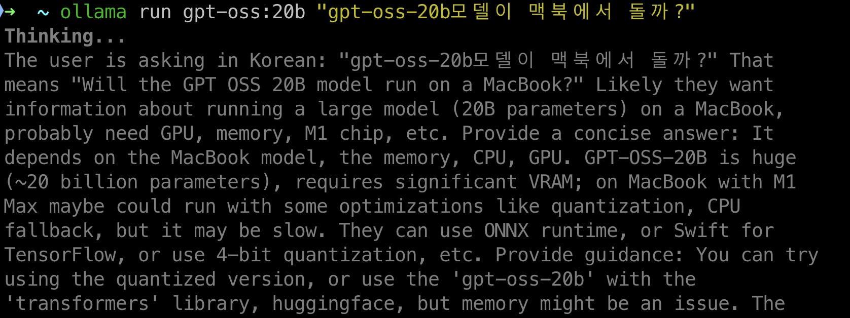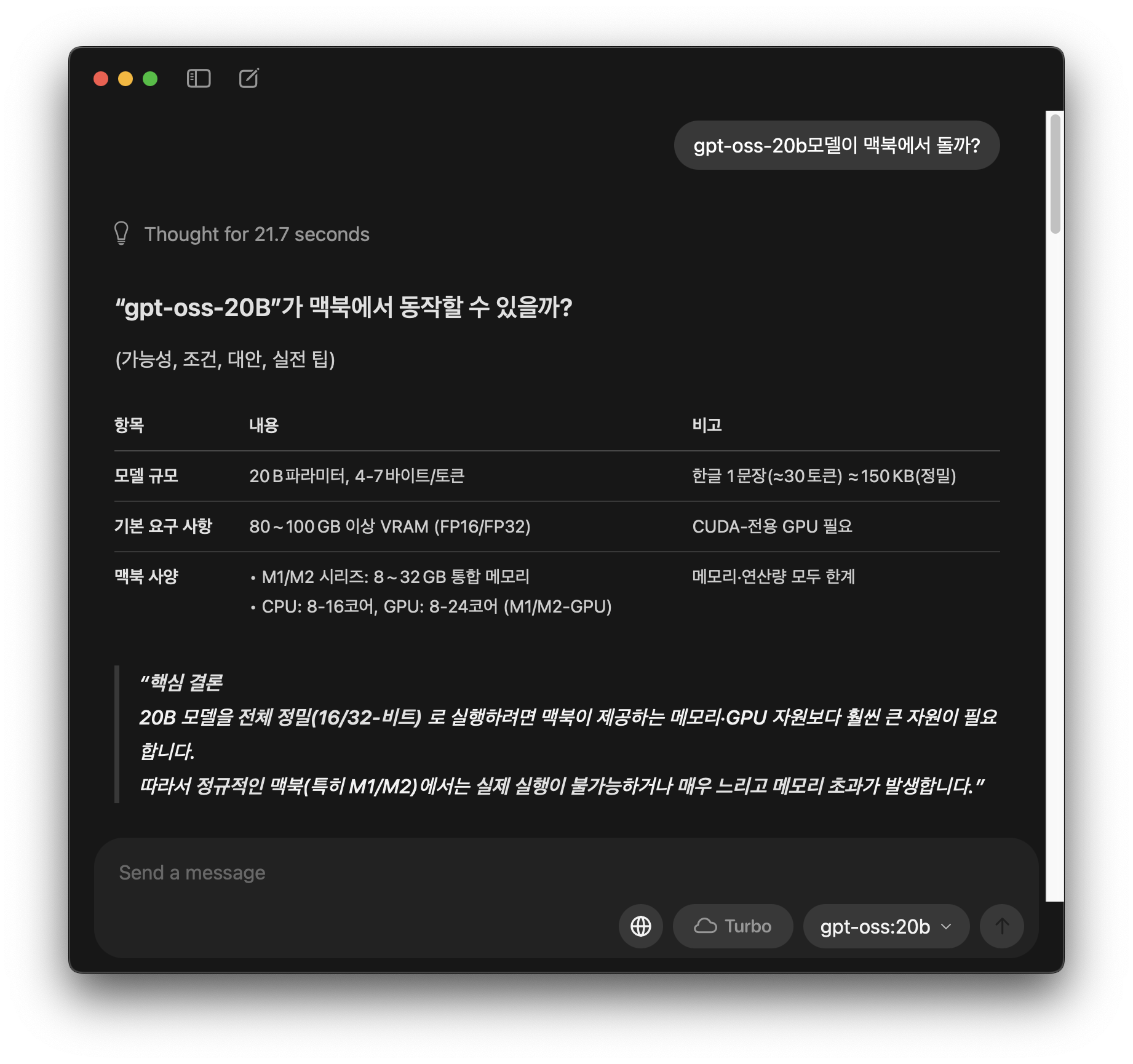 MacBook에서도 비교적 간단한 설정만으로, 20B 규모의 언어 모델을 띄워 직접 활용할 수 있습니다.
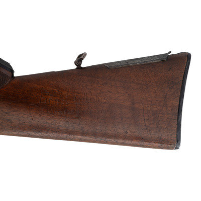 Emil V. Nordheim (1859-1938) was a master gunmaker and gunsmith from the town of Mehlis in Thuringia, Germany. This gun was most likely made post-1919 after the cities of Mehlis and Zella were united as one city, Zella-Mehlis, as is marked on the barrel rib of this item.
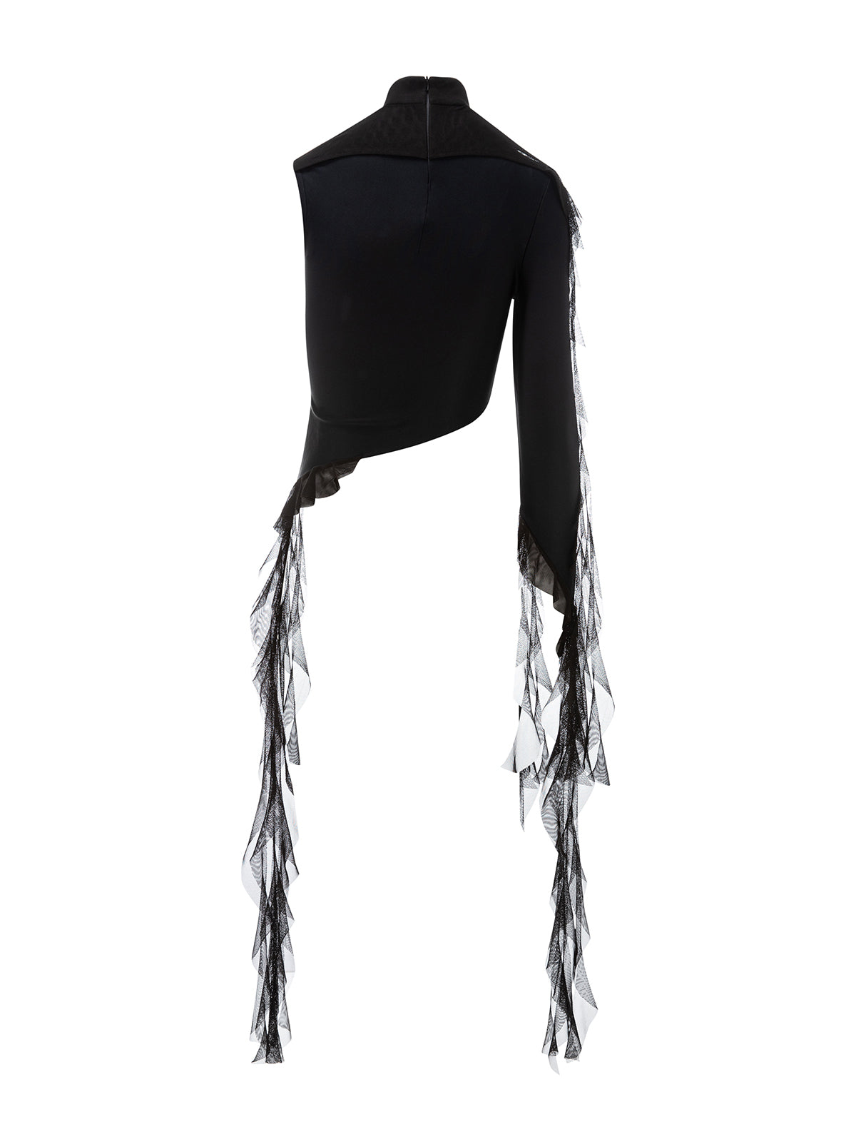| Design | Turtleneck, one-shoulder, asymmetric cut |
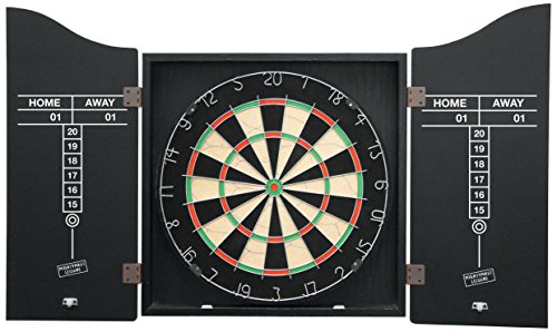 -. Feature : Tournament quality dartboard & black cabinet complete with accessories / 173/4 " diameter roundwire bristle dartboard with silver number ring / Cabinet has easy-wipe scoring panels / Accessories include 2x sets of darts & flights, chalk, duster & instructions
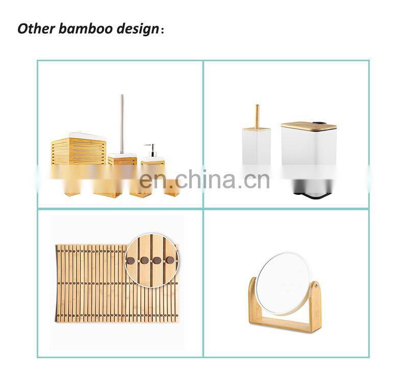 Latest Model Eco-friendly Household White Bathroom Accessories Six-Pieces Bamboo and Plastic Hotel Bathroom Accessories Sets
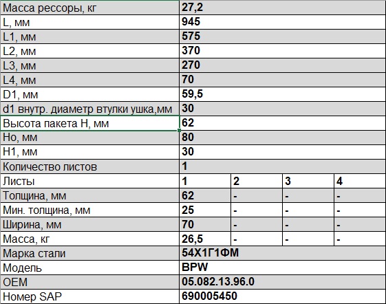 Рабочая длина рессоры L, мм
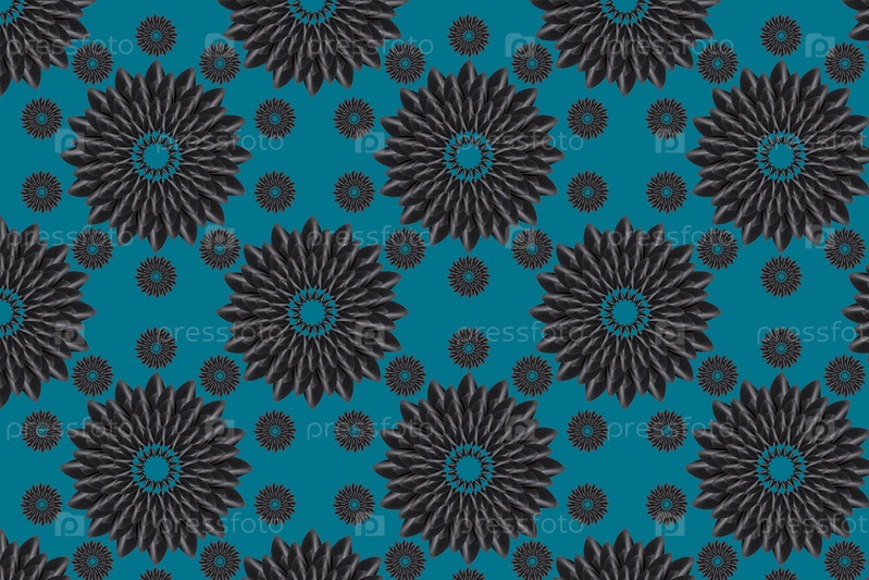 Абстрактный бесшовный узор, элемент взят с реальной фотографии. Орнамент цветной, состоит из маленьких садовых лопат в форме цветка на синем фоне
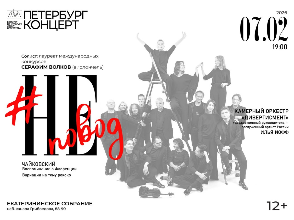 ! В 2025 году музыкальный мир отмечал 185-летие со дня рождения Петра Чайковского. По этому случаю было организовано множество событий, представляющих разные грани его творческого портрета. Специального повода для исполнения музыки Чайковского в феврале 2026 года нет. Но стоит ли его искать, чтобы еще раз соприкоснуться с наследием композитора, о котором без преувеличения можно сказать «наше всё»? Камерный оркестр «Дивертисмент» под руководством з.а. России Ильи Иоффа объединил в программе два известных произведения Чайковского — «Воспоминания о Флоренции» и «Вариации на тему Рококо» — звучащих в концертных залах с завидной регулярностью. Однако оба сочинения столь совершенны и одухотворенны, что каждая «встреча» с ними обещает исполнителям и слушателям удивительные открытия и тончайшую палитру чувств и ощущений. Солист — лауреат международных конкурсов Серафим Волков (виолончель) БИЛЕТЫ: 7.02 | 19:00 | #Неповод
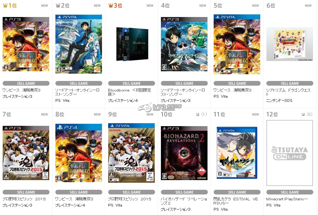 Tsutaya销量榜:《海贼无双3》榜首 PS系游戏刷屏 图片浏览
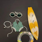 Glasses + swimsuit + necklace + lifebuoy + surfboard

_What the task requires_:
Please transcribe every entry above exactly, leaving out any pictures.

_Task response_:
 MacBook에서도 비교적 간단한 설정만으로, 20B 규모의 언어 모델을 띄워 직접 활용할 수 있습니다.
 Emil V. Nordheim (1859-1938) was a master gunmaker and gunsmith from the town of Mehlis in Thuringia, Germany. This gun was most likely made post-1919 after the cities of Mehlis and Zella were united as one city, Zella-Mehlis, as is marked on the barrel rib of this item.
| Design | Turtleneck, one-shoulder, asymmetric cut |
 -. Feature : Tournament quality dartboard & black cabinet complete with accessories / 173/4 " diameter roundwire bristle dartboard with silver number ring / Cabinet has easy-wipe scoring panels / Accessories include 2x sets of darts & flights, chalk, duster & instructions
 Latest Model Eco-friendly Household White Bathroom Accessories Six-Pieces Bamboo and Plastic Hotel Bathroom Accessories Sets
 Рабочая длина рессоры L, мм
 Абстрактный бесшовный узор, элемент взят с реальной фотографии. Орнамент цветной, состоит из маленьких садовых лопат в форме цветка на синем фоне
 ! В 2025 году музыкальный мир отмечал 185-летие со дня рождения Петра Чайковского. По этому случаю было организовано множество событий, представляющих разные грани его творческого портрета. Специального повода для исполнения музыки Чайковского в феврале 2026 года нет. Но стоит ли его искать, чтобы еще раз соприкоснуться с наследием композитора, о котором без преувеличения можно сказать «наше всё»? Камерный оркестр «Дивертисмент» под руководством з.а. России Ильи Иоффа объединил в программе два известных произведения Чайковского — «Воспоминания о Флоренции» и «Вариации на тему Рококо» — звучащих в концертных залах с завидной регулярностью. Однако оба сочинения столь совершенны и одухотворенны, что каждая «встреча» с ними обещает исполнителям и слушателям удивительные открытия и тончайшую палитру чувств и ощущений. Солист — лауреат международных конкурсов Серафим Волков (виолончель) БИЛЕТЫ: 7.02 | 19:00 | #Неповод
 Tsutaya销量榜:《海贼无双3》榜首 PS系游戏刷屏 图片浏览
 Glasses + swimsuit + necklace + lifebuoy + surfboard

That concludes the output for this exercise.